We've established that there is no resin/oleoresin in oils distilled from agarwood, it has to be extracted; that is objective, scientific fact. How is it that you vendor ASO can use phrases in your own marketing such as, "When you apply it on the skin, multiple waves of heat, bitter sweet spices not Ky nam itself but wow what an amazing derivative of it, fragrant rum, ambergrisified rose, and the distinct powdery but sweetly
resinous note of the Vietnamese" for one oil or, "Then comes a wave of lovely rich fruits dusted in the finest of cinnamon powder and caressed with the whisper of rose that transcends into velvety wood sap, brushed woods, Oudh
resin and a basket of woody spices" for another, or "However imagine this, the scent of oozing oudh
resin bubbling in a caldron without the smoke simply pure oudh vapour hitting your olfactory senses. Fragrant herbs,
resinous woods, deep dark ripened fruits, a breeze of floral clay, even some peppery spices" for yet another oil. Then, at the same time affirm and negatively criticize others usage of the term oleoresin in relation to oud oils as a misuse and bastardization of the term because it's not objectively and scientifically sound, and is only a marketing tactic. Dude, you do the same exact thing!!!! How is it that your oils can have resinous notes of Vietnam and Oudh resin and baskets of woody spice, having no resin, while you contend that others oils can't have features of the oleoresin based on the scientific, objective absence of it in oils and that it's wrong for them to use the term? Easy, because it's the duplicitous, contradictory, pot calling the kettle black nature of the content in many of your post. ASO, according to your own mandate for only quantitative, objective, scientific fact, you have misused and bastardized the terms resin and resinous in relation to oud oils for there is no resin in distilled agarwood oils and you’ve done so directly in you marketing as a tactic, period. Ambergrisified??? Where’d you get that from? As much as you like to criticize the story, you verbiage, adjectives, even the cadence of your flowery prose mimics the words of another.

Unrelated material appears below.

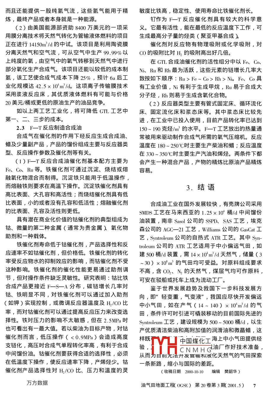 天然氣合成油技術(shù)胡宏宇周松劉晶晶(大慶油田設(shè)計院黑龍江省大慶市163712)摘要我國應(yīng)盡快開發(fā)偏遠中小氣田,主要由以下四步組成如在產(chǎn)氣(14~140)×103m3的氣田,條第一步,合成氣的制造??諝饨?jīng)過空分裝置分件許可時可引進橇裝移動的目前國際先進的出氧氣,氧氣與天然氣反應(yīng),生成一定H2/CO比Syntroleum工藝,建設(shè)規(guī)模為500~5000桶/d的合成氣裝置,以生產(chǎn)優(yōu)質(zhì)清潔柴油和高附加值的潤第二步,合成油反應(yīng)。由F一T工藝使合成氣滑油和微晶蠟,這樣既可為開發(fā)偏遠中小氣轉(zhuǎn)化成含蠟烴類和少量副產(chǎn)品。田、海上中小氣田提供經(jīng)驗,又可為我國建第三步,產(chǎn)品改質(zhì)。F一T合成的產(chǎn)品經(jīng)加氫設(shè)大型合成油廠作好技術(shù)準(zhǔn)備,從而為目前裂解或異構(gòu)化轉(zhuǎn)化成高質(zhì)量中間餾份油。無法開發(fā)管輸和液化天然氣的氣田探索一條第四步,改質(zhì)產(chǎn)品常規(guī)蒸餾。新路,縮小與國際的差距。2.2合成氣的制造主題詞天然氣合成油品需求合成氣的生產(chǎn)工藝主要有如下幾類:①蒸汽重工藝液態(tài)烴整;②部分氧化制合成氣,其優(yōu)點是比蒸汽重整投資少且效率高,但需要純氧,制氧的費用抵消了它的優(yōu)點;③部分氧化和蒸汽重整;④自熱重整工1.概述藝,其優(yōu)點是用空氣作氧化劑,成本下降,缺點是尾氣不能循環(huán),但可作為燃料利用,因此天然氣的天然氣合成液態(tài)烴技術(shù)(C)完全不同于液有效利用率不高;⑤偶合感應(yīng)等離子體(ICP)轉(zhuǎn)化天然氣技術(shù)(ING)。CIL技術(shù)是在40年代德國化工藝,可從天然氣生產(chǎn)H/CO比為0.5:1-15:1用煤經(jīng)合成氣制烴類的FT工藝上發(fā)展起來的,的合成氣。ICP系統(tǒng)產(chǎn)生合成氣的轉(zhuǎn)化效率大于它利用催化劑將以甲烷為主的天然氣經(jīng)合成氣C095%,與蒸汽甲烷轉(zhuǎn)化和部分氧化不同,它無需使+H2)轉(zhuǎn)化為一種以直鏈烴為主、包含各種分子用空氣或氧氣,因此氣體中沒有不需要的氮氣或量、在常溫下穩(wěn)定的液態(tài)烴,與高品質(zhì)的原油制品CO,,使所得合成氣能很好的與FT合成相匹配極為相似。主要優(yōu)點是運輸成本較為低廉,管輸無并可使液體燃料產(chǎn)率提高50%。ICP與常規(guī)的電弧需高壓,車運無需超低溫冷卻。另外產(chǎn)品中不含等離子體不同,它沒有電極消耗。等離子氣體(試硫、金屬、烯烴、氮,比常規(guī)石油生產(chǎn)的油品更清驗中采用CO2)在可調(diào)頻率350~450Hz下通過感潔,其最終產(chǎn)品是煉廠的中間餾份——煤油、柴油應(yīng)線圈,將氣體在<0.1s時間內(nèi)加熱到40000以和粗柴油,這些恰是目前世界需要增長迅速的油上,等離子體直接噴入反應(yīng)室,甲烷則從等離子體品。建議采用CI技術(shù),將目前許多因經(jīng)濟或技周圍引入。H/CO比例可通過蒸汽或CO2加以術(shù)原因無法動用的天然氣資源、伴生氣、放空干調(diào)節(jié)氣、煤層氣資源動用起來,讓新型、清潔、高效的合成氣制造費用占總投資、總生產(chǎn)費用的合成油發(fā)揮更大的經(jīng)濟和社會效益60%,空分裝置投資較大是個重要原因。第二步中加氫調(diào)整H2CO比例及第三步中加氫改質(zhì)所需氫2.天然氣合成油技術(shù)氣均中國煤化外又開發(fā)了兩個新工藝2.1工藝簡介CNMHG(1Jm人啦罡 Canmet能源中心正試天然氣合成油的GTL工藝因為第二步采用圖制造一種不同類型的陶瓷膜,這種膜能從氣體混T反應(yīng)工藝,又稱F—合成油工藝。合成油工藝合物中除掉氫,把甲烷的部分氧化反應(yīng)向前推進,6油氣鞠播工程OCsE)第20卷第3期201.5)而且還能提供一股純氫氣流,這些氫氣能用于精敏度比鐵高,穩(wěn)定性、使用壽命比鐵催化劑長。煉,最終產(chǎn)品或者本身就是一種能源。釕作為F—T反應(yīng)催化劑具有較大的科學(xué)意(2)由美國能源部資助8400萬美元的一項采義。它最有活性,能在最低的反應(yīng)溫度下工作,可用膜分離技術(shù)將夭然氣轉(zhuǎn)化為管輸液體燃料的項目生成最高分子量的烴類(聚亞甲基合成知正在進行14150m3/d的中試。該項目是利用陶瓷膜催化劑對反應(yīng)物有物理吸附或化學(xué)吸附,對分離天然氣和空氣流,可從空氣中生產(chǎn)99.99%以CO的吸附比對H,的吸附高出好幾倍。上純度的氧,由空氣中的氧氣轉(zhuǎn)移到天然氣中進行在GIL合成油催化劑的活性組分中以Fe、Co、部分氧化生產(chǎn)合成氣。該項目還能以較低的成本制N、Ru和h最為活躍,這些元素的鏈增長幾率大氫,該工藝使合成氣成本下降25%,預(yù)計6a后工致按如下順序:Ru>Fe~Co>Rh>Ni。Fe、Co具業(yè)化規(guī)模達42.5×l0m3/d。這項離子傳輸膜技術(shù)有工業(yè)價值,Ni有利于生成甲烷,Ru易于合成大采用漿液反應(yīng)床,其優(yōu)質(zhì)液體燃料有可能與價格分子烴,Rh則易于生成含氧化合物20美元/桶或更低的原油生產(chǎn)的油品競爭。(2)反應(yīng)器類型主要有管式固定床、循環(huán)流化如以上兩工藝工業(yè)化,將可降低GmL工藝中床、固定流化床和漿態(tài)床等。其中漿態(tài)床比較先弟、三步的成本。進,在工業(yè)中已投入使用,目前產(chǎn)品轉(zhuǎn)化率已達到2.3F-T反應(yīng)制造合成油150~190克烴/m3的水平。F—一T工藝放出的熱量通合成氣在催化劑的作用下經(jīng)反應(yīng)生

Now, in reality I have no problem with ASO's usage of resin/resinous in relation to oils nor do I have a problem with the participants of this thread that have used the term oleoresin in relation to oils as in each case they are used as qualifiers to describe something that as
@Shabby stated, I know "where they're coming from", it's contextual not literal; just some of the possible vernacular and jargon of the community. But for someone, anyone to negatively criticize and nearly condemn others for doing exactly what they are doing is in extremely poor taste. Besides that, who has given anyone the authority to attempt to dictate how anyone else expresses themselves or experiences oud.